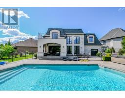 Welcome to this stunning custom-built two-story residence, offering over 6,000 sq. ft. of finished living space in the heart of wine country. This exceptional property blends timeless craftsmanship with modern luxury, creating a true masterpiece for refined living and entertaining. Step inside through the grand entry and be captivated by the 10-foot ceilings on both the main and second levels, accented with 8-foot doors and exquisite custom decorative mouldings. The 22-foot family room ceilings create an airy, impressive atmosphere, complemented by expansive windows that flood the space with natural light. At the heart of the home is a chef-inspired kitchen featuring professional-grade appliances, custom cabinetry, a large center island with seating, quartz countertops, a spacious walk-in pantry, and a butlers pantry for added convenience and storage. Designed with both function and style in mind, this space is perfect for everyday living and large gatherings.The home offers four spacious bedrooms and 4.5 baths, including a luxurious primary suite with spa-like ensuite.Finishes include hardwood floors and porcelain tiles throughout, enhancing both elegance and durability.Designed for hosting, the home boasts two fireplaces one indoors for cozy evenings and another outdoors for gatherings. The custom bar and finished basement provide a stylish entertainment hub, complete with a private theatre room for the ultimate cinematic experience.Step outside to your own backyard oasis featuring a large pool, hot tub, covered deck, fire pit area, and a full irrigation system, making outdoor living as effortless as it is enjoyable. (id:61594)
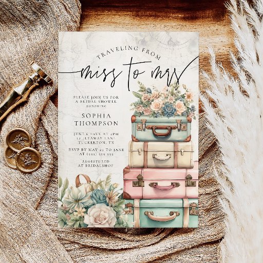 Floral Miss zu Mrs. Travel Brautparty Ticket Einladung
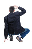 Równoważenie młody człowiek w kurtkę. widok z tyłu.
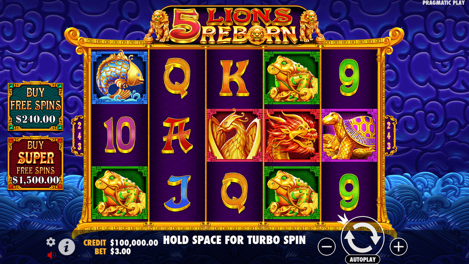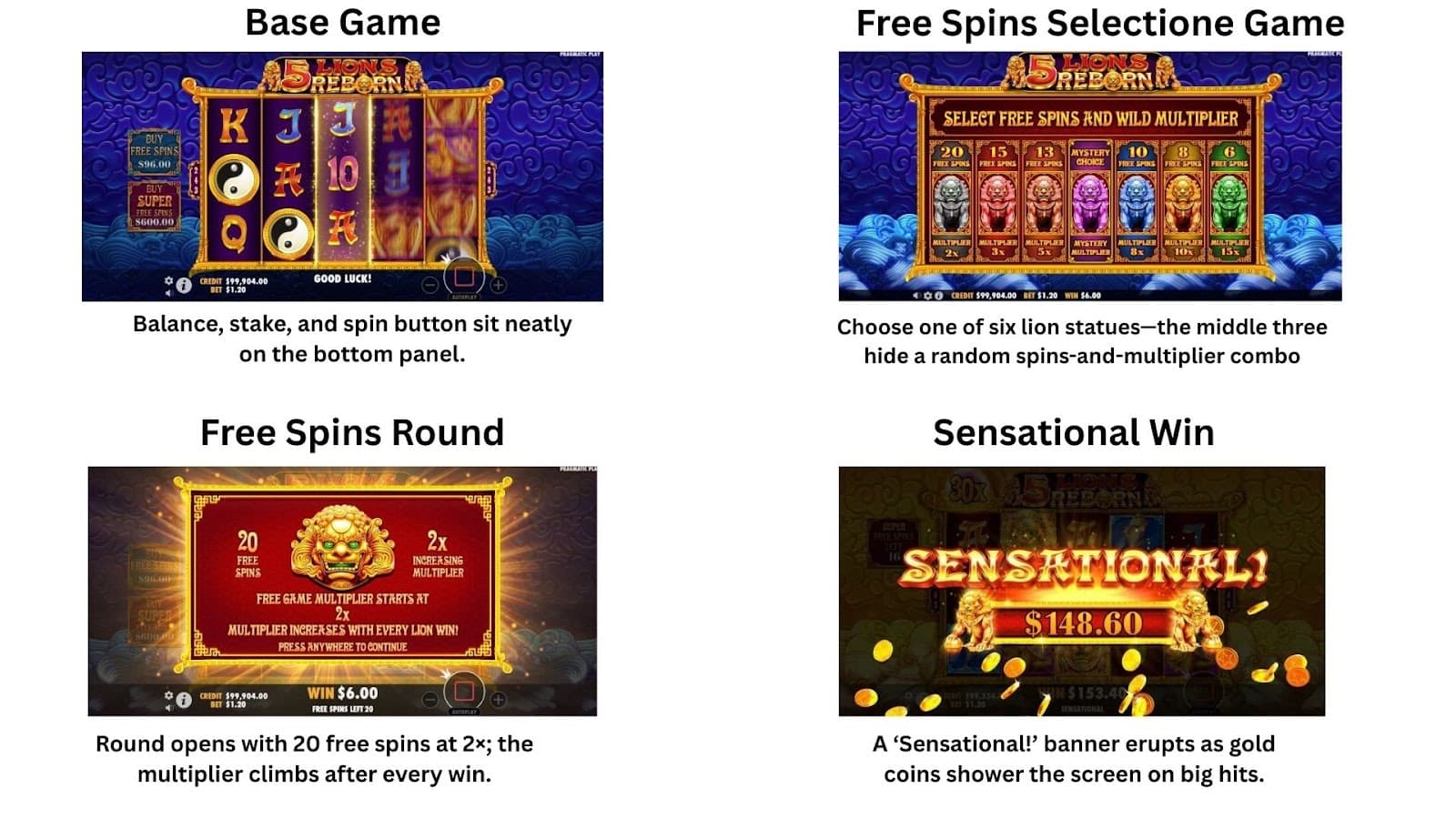 5 Lions Reborn présente des graphismes riches et détaillés centrés sur un décor de temple de jade, où les symboles du phénix, de la tortue et des carpes koï brillent en filigrane doré orné. De subtiles éruptions de particules et des éclats de lumière ajoutent une touche raffinée et dynamique sans pour autant altérer l'esthétique traditionnelle chinoise.

━━━━━━━━━━━━━━━━

**WORK INSTRUCTION**: All lines from the line containing "Równoważenie młody człowiek" through the end of the listing above are to be given again exactly; pictures are not part of the copy.

**YOUR RESPONSE**:
 Równoważenie młody człowiek w kurtkę. widok z tyłu.
 5 Lions Reborn présente des graphismes riches et détaillés centrés sur un décor de temple de jade, où les symboles du phénix, de la tortue et des carpes koï brillent en filigrane doré orné. De subtiles éruptions de particules et des éclats de lumière ajoutent une touche raffinée et dynamique sans pour autant altérer l'esthétique traditionnelle chinoise.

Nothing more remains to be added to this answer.